→ **WORK INSTRUCTIONS**
Your output consists solely of the lines from the one that contains "历史组考生可以选择的有51个" to the end of the material, each reproduced exactly; pictures do not belong in it.

### DATA SHOWN ###

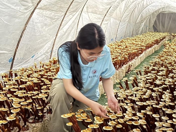 實踐隊員在華興鎮仙峰村調研靈芝的種植與養護過程,鄭玉玲攝
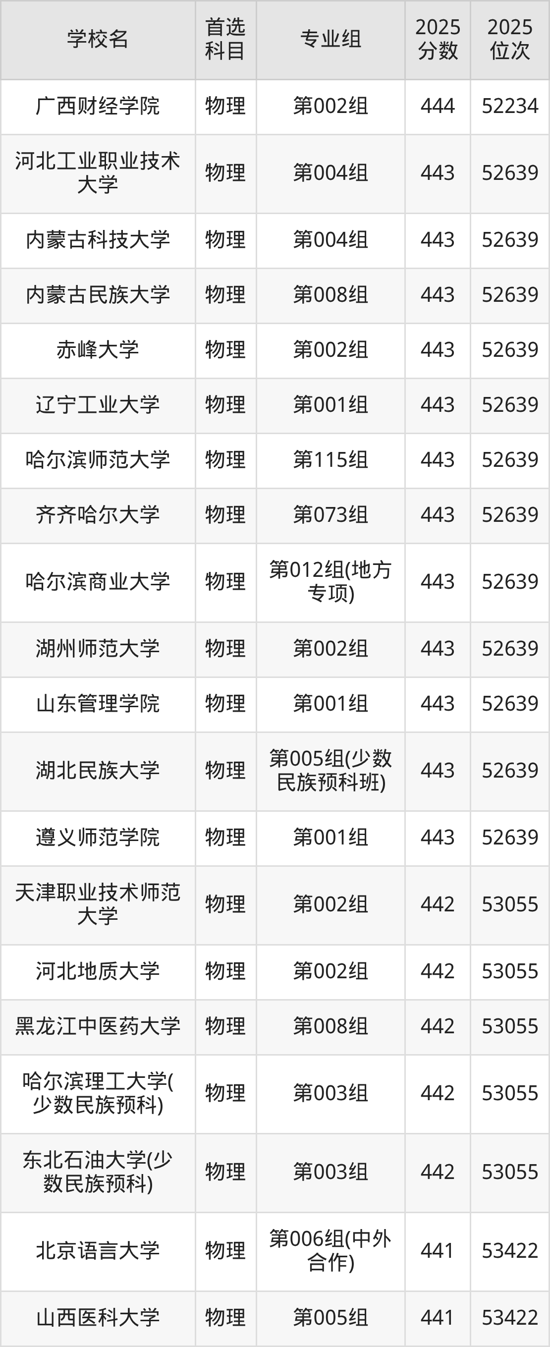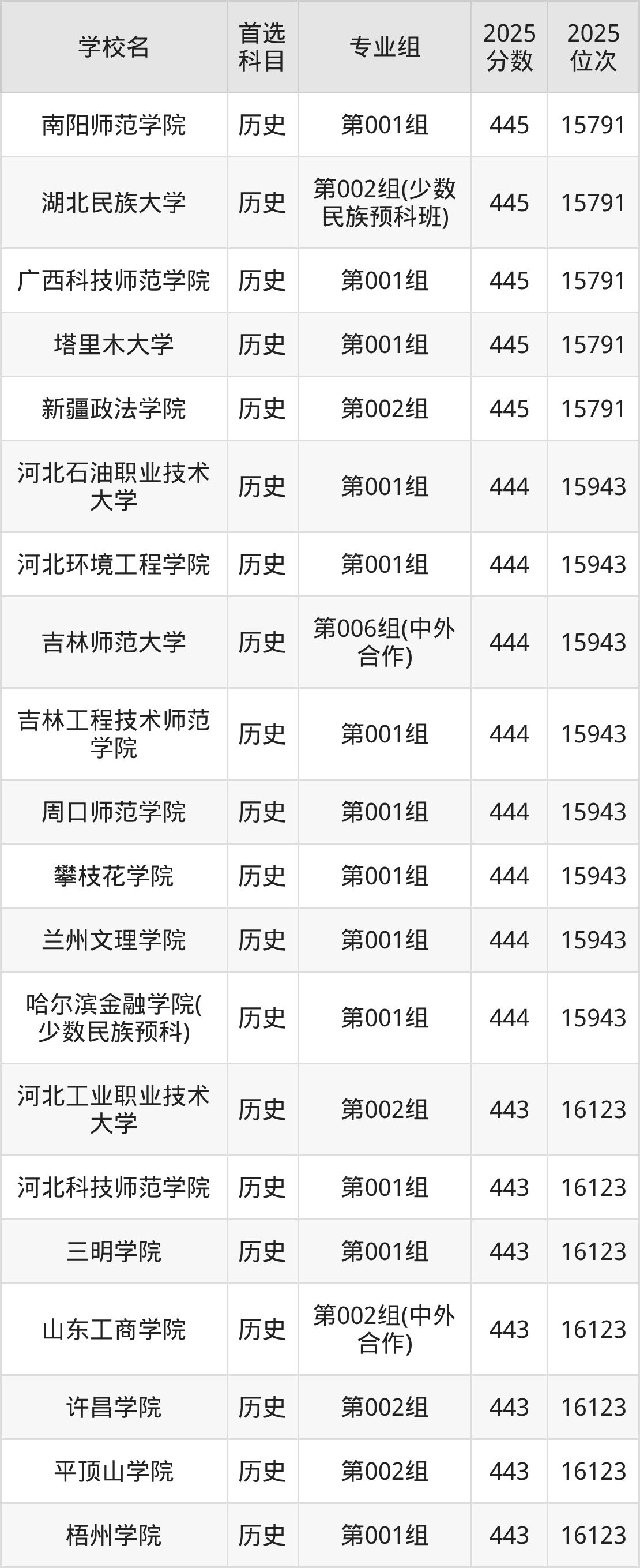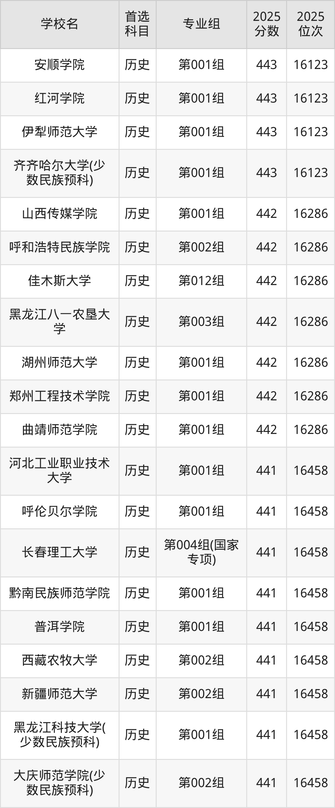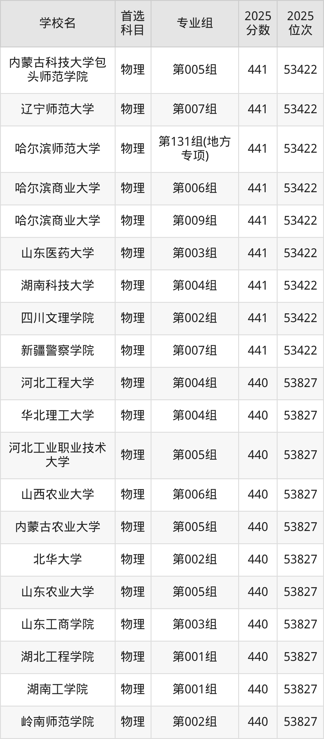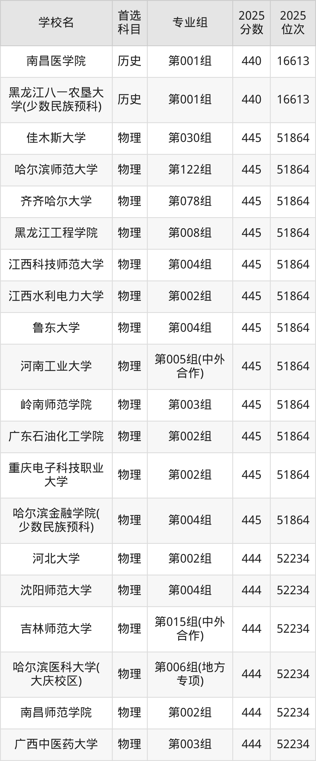 历史组考生可以选择的有51个院校专业组,分数较低的是南昌医学院第001组,2025年最低分440分,位次16613名。物理组考生可以选择的有58个院校专业组,省内的有哈尔滨师范大学第131组(地方专项)(441分)、哈尔滨商业大学第006组(441分)等。
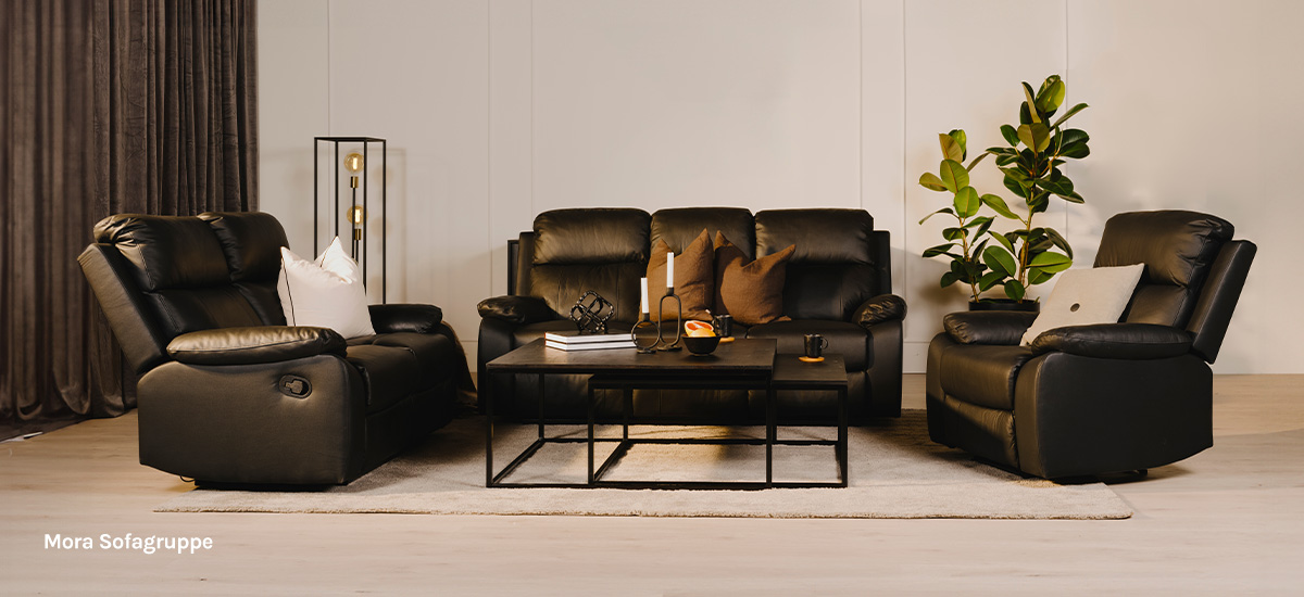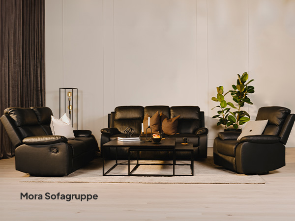 Sjekk ut Mora Sofagruppe, med en kombinasjonen av komfort, funksjonalitet og stil. Denne sofagruppen, bestående av en 3-seter, 2-seter og 1-seter, er designet for å gi maksimal avslapning med sin praktiske recliner-funksjon. Enten du ønsker å slappe av med en god bok eller nyte favorittprogrammene dine på TV, tilbyr Mora Sofagruppe den perfekte hvileplassen.

###

→ **SOLUTION**
 历史组考生可以选择的有51个院校专业组,分数较低的是南昌医学院第001组,2025年最低分440分,位次16613名。物理组考生可以选择的有58个院校专业组,省内的有哈尔滨师范大学第131组(地方专项)(441分)、哈尔滨商业大学第006组(441分)等。
 Sjekk ut Mora Sofagruppe, med en kombinasjonen av komfort, funksjonalitet og stil. Denne sofagruppen, bestående av en 3-seter, 2-seter og 1-seter, er designet for å gi maksimal avslapning med sin praktiske recliner-funksjon. Enten du ønsker å slappe av med en god bok eller nyte favorittprogrammene dine på TV, tilbyr Mora Sofagruppe den perfekte hvileplassen.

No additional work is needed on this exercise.